Jets vote for decertification, Bears to vote soon

Posted by Will Brinson

Eight teams in the NFL have now voted to decertify from the union with the news that the Jets unanimously agreed Thursday and according to a report, the Bears will be voting soon as well.

The Jets, according to Jane McManus of ESPN , joined the Bills, Saints, Cowboys, Colts, Eagles, Redskins, and Giants as the list of teams to  unanimously vote to decertify

And Brad Biggs of Chicago Breaking Sports reports that the Bears will vote soon as well, with a similar result likely to occur.

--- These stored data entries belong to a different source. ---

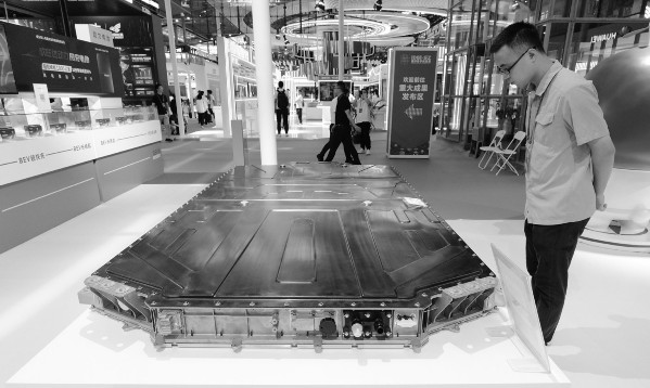 2023国际数字能源展于6月29日至7月2日在深圳举行,全方位多场景集中展示全球数字能源领域前沿技术和应用示范成果。图为观众在展会上观看展出的液冷电池包。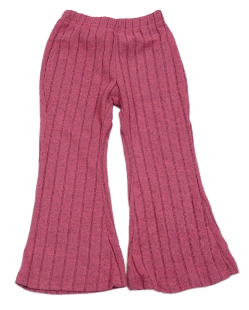 Růžovo-šedé melírované žebrované pletené flare kalhoty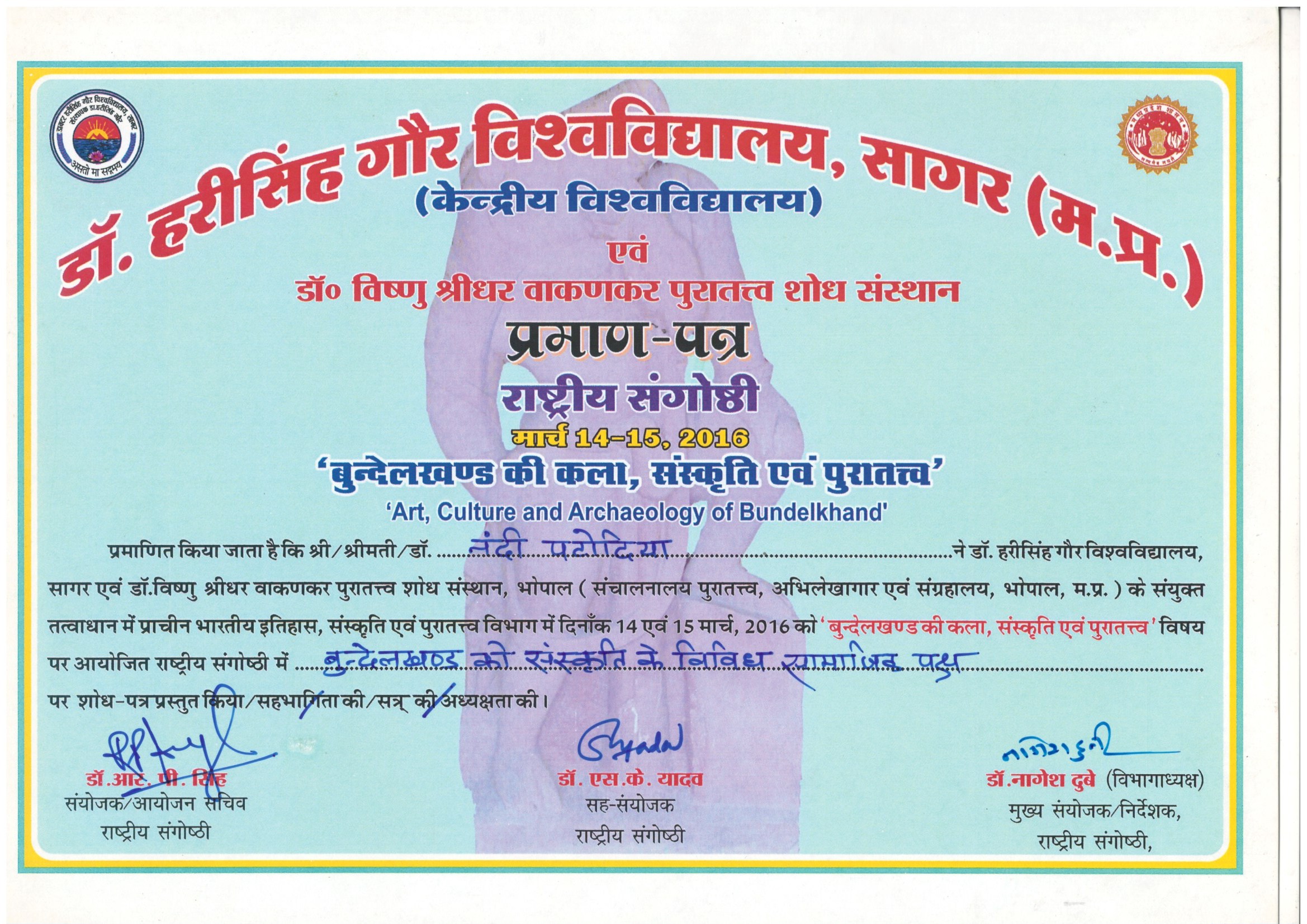 | Dr. Nandi Patodia | Bundelkhand ki Sanskriti Ke Vividh Samajik Paksh, Dr. Harisingh Gour V.V. Sagar (M.P.). | 14-03-2016 To 15-03-2016 | Download |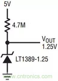 分流基準電壓源的有點包括:設計簡單,封裝小,在寬電流和負載條件下具有良好的穩定性。此外,它很容易設計為負基準電壓源,并且可以配合非常高的電源電壓使用(因為外部電阻會分攤大部分電位),或配合非常低的電源電壓使用(因為輸出可以僅低于電源電壓幾毫伏)。ADI提供的分流產品包括 LT1004、LT1009、LT1389、LT1634、LM399 和 LTZ1000。典型分流電路如圖3所示。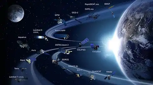 The Earth Observing System (EOS) is a program of NASA comprising a series of artificial satellite missions and scientific instruments in Earth orbit designed for long-term global observations of the land surface, biosphere, atmosphere, and oceans. Since the early 1970s, NASA has been developing its Earth Observing System, launching a series of Landsat satellites in the decade. Some of the first included passive microwave imaging in 1972 through the Nimbus 5 satellite.[1] Following the launch of various satellite missions, the conception of the program began in the late 1980s and expanded rapidly through the 1990s.[2] Since the inception of the program, it has continued to develop, including; land, sea, radiation and atmosphere.[1] Collected in a system known as EOSDIS, NASA uses this data in order to study the progression and changes in the biosphere of Earth. The main focus of this data collection surrounds climatic science. The program is the centrepiece of NASA's Earth Science Enterprise.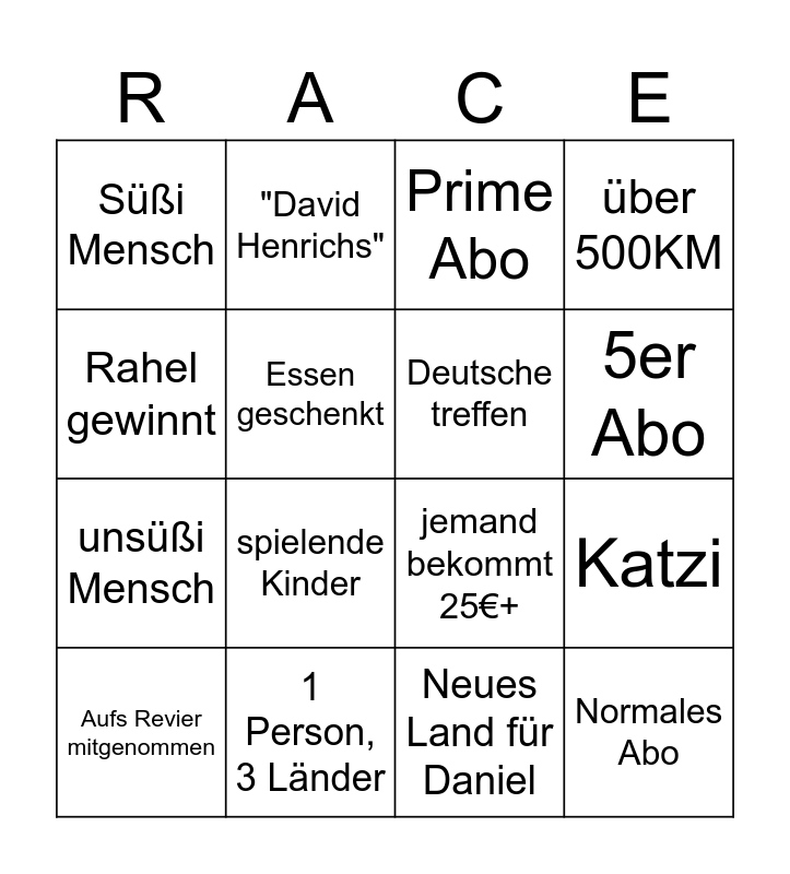 This bingo card has 16 words: 1 Person, 3 Länder, Katzi, Prime Abo, Süßi Mensch, unsüßi Mensch, "David Henrichs", jemand bekommt 25€+, Neues Land für Daniel, Rahel gewinnt, Essen geschenkt, Aufs Revier mitgenommen, über 500KM, spielende Kinder, 5er Abo, Deutsche treffen and Normales Abo.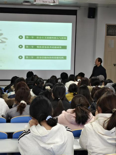 师校长听取了OK138太阳集团李景旺老师讲授的《思想道德与法治》课程。李老师围绕“社会主义道德的基本理论”和“社会主义道德是崭新类型的道德”两大核心内容展开,结合现实案例深入剖析社会主义道德的本质内涵与实践价值,其教学内容不仅为提升全民道德素质、促进社会和谐稳定、推进中国特色社会主义事业建设提供了坚实的理论支撑与实践指导,更实现了理论阐释与现实需求的深度衔接。在授课过程中,李老师注重启发学生思维,通过精准提问、观点引导等方式激发学生表达欲,课堂上学生积极发言,呈现出氛围热烈、师生互动融洽的良好教学状态。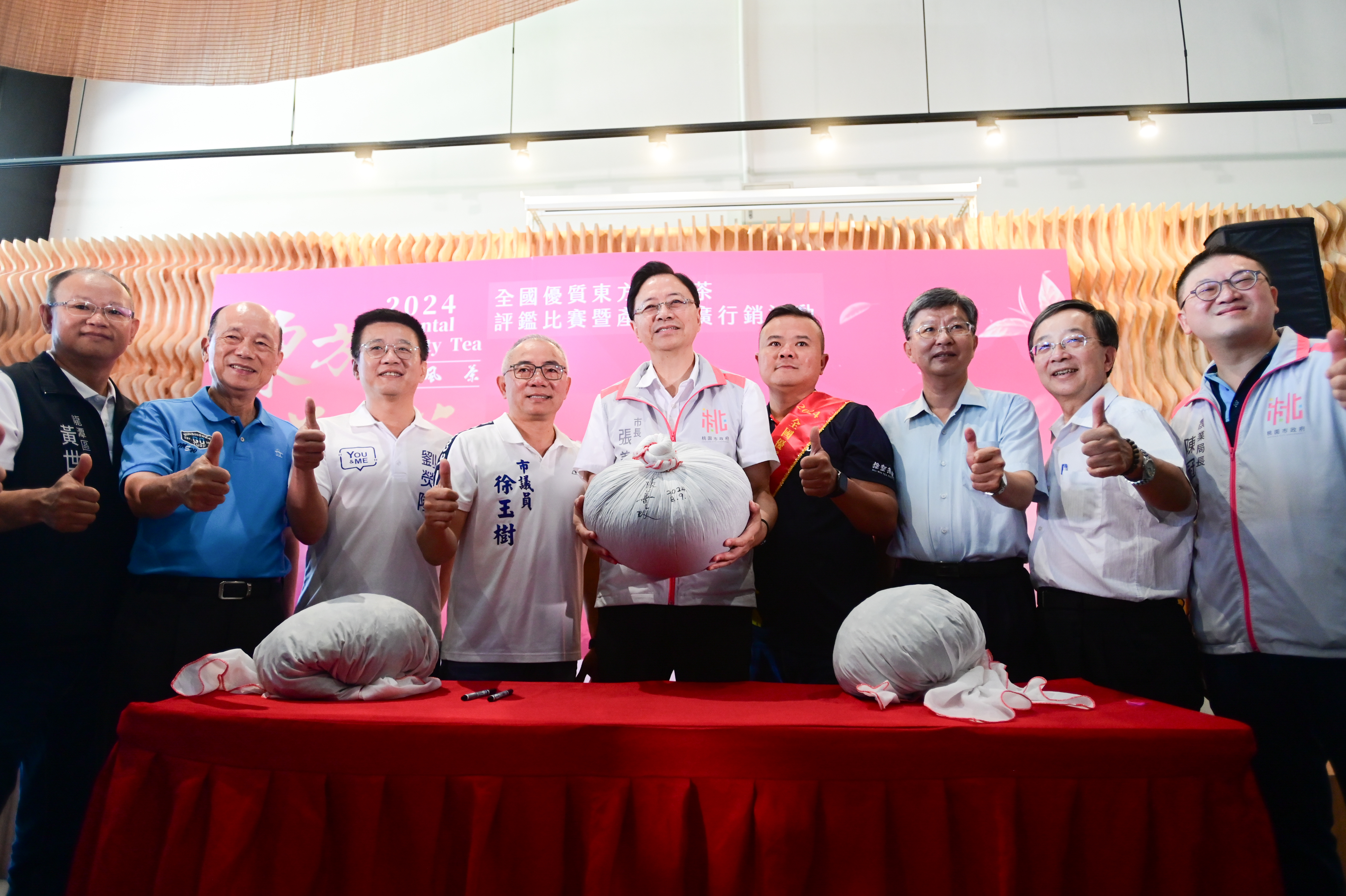 桃園市長張善政今(9)日上午前往龍潭區臺灣客家茶文化館,出席「2024 年全國優質東方美人茶評鑑比賽頒獎典禮」。

"It's necessary because the legal process of decertifying is not an overnight deal. We need to have the wheels in motion," said Hunter Hillenmeyer, the Bears' representative to the NFLPA.

Decertification, for those wondering, is a good thing. At least for fans anyway -- a union can't sue the NFL, but a huge group of wage-earning individual players can (this is the result of the American Needle case that the NFL lost at the Supreme Court level).

If every single team (as in, all of the individual players) votes to decertify, it means that if the NFL owners decide to lock out their employees, they can quickly strike to actually decertify and then sue the NFL for antitrust violations.

Theoretically, then, lining up all the teams now, in preparation for actually decertifying, gives the NFLPA greater leverage in working to negotiate a new labor agreement.